**Exercise directions**
Use the entries below and reproduce exactly the lines from the one containing "Metallic Silver Laminated" down to the one containing "К примеру, при", both of them included.

**Exercise material**
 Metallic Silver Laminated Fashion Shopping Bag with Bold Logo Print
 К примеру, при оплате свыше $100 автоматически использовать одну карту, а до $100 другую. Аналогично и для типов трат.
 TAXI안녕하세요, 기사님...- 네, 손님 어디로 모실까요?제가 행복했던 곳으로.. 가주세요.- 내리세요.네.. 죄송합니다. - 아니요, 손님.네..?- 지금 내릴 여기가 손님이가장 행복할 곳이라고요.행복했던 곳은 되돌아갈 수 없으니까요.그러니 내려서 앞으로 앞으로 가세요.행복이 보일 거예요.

* * *

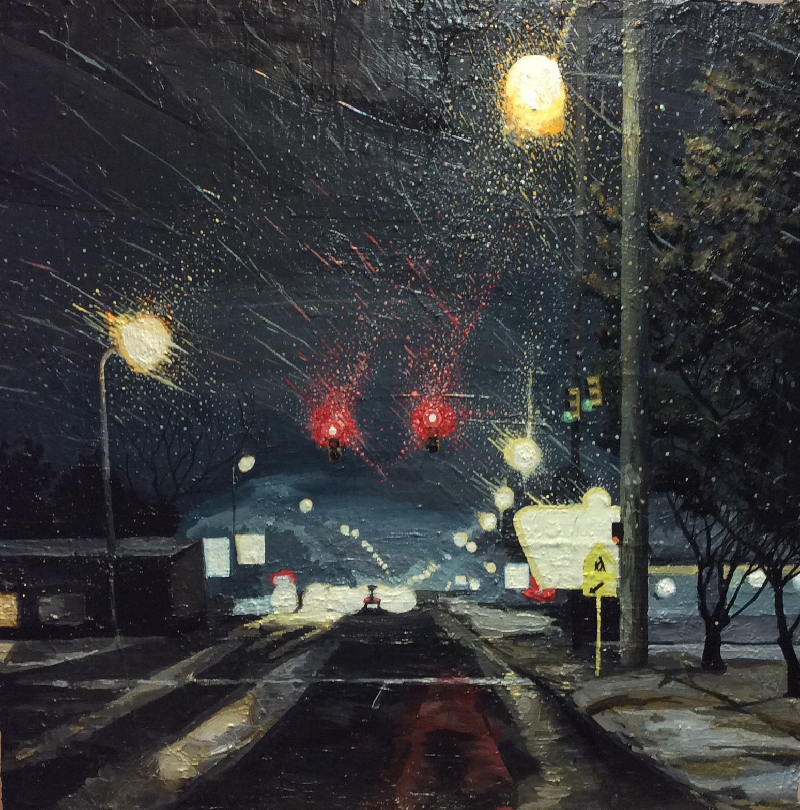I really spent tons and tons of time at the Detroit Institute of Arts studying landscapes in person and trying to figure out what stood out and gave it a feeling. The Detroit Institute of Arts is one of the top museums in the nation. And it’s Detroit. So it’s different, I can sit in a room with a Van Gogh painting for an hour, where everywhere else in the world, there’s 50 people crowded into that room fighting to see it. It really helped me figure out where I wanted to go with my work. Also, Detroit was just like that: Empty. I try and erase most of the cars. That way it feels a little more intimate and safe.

* * *

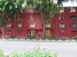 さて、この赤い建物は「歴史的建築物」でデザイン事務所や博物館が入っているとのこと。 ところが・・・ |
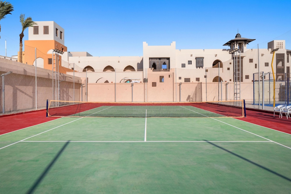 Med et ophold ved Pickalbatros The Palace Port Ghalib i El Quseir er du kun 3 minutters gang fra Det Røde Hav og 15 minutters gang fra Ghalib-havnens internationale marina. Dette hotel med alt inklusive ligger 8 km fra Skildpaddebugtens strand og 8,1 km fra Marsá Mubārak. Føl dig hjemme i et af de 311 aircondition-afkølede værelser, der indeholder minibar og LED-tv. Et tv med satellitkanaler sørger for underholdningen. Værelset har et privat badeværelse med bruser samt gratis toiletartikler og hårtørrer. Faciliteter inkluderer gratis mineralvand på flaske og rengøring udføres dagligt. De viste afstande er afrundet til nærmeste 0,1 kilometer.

**Finished task**
 Metallic Silver Laminated Fashion Shopping Bag with Bold Logo Print
 К примеру, при оплате свыше $100 автоматически использовать одну карту, а до $100 другую. Аналогично и для типов трат.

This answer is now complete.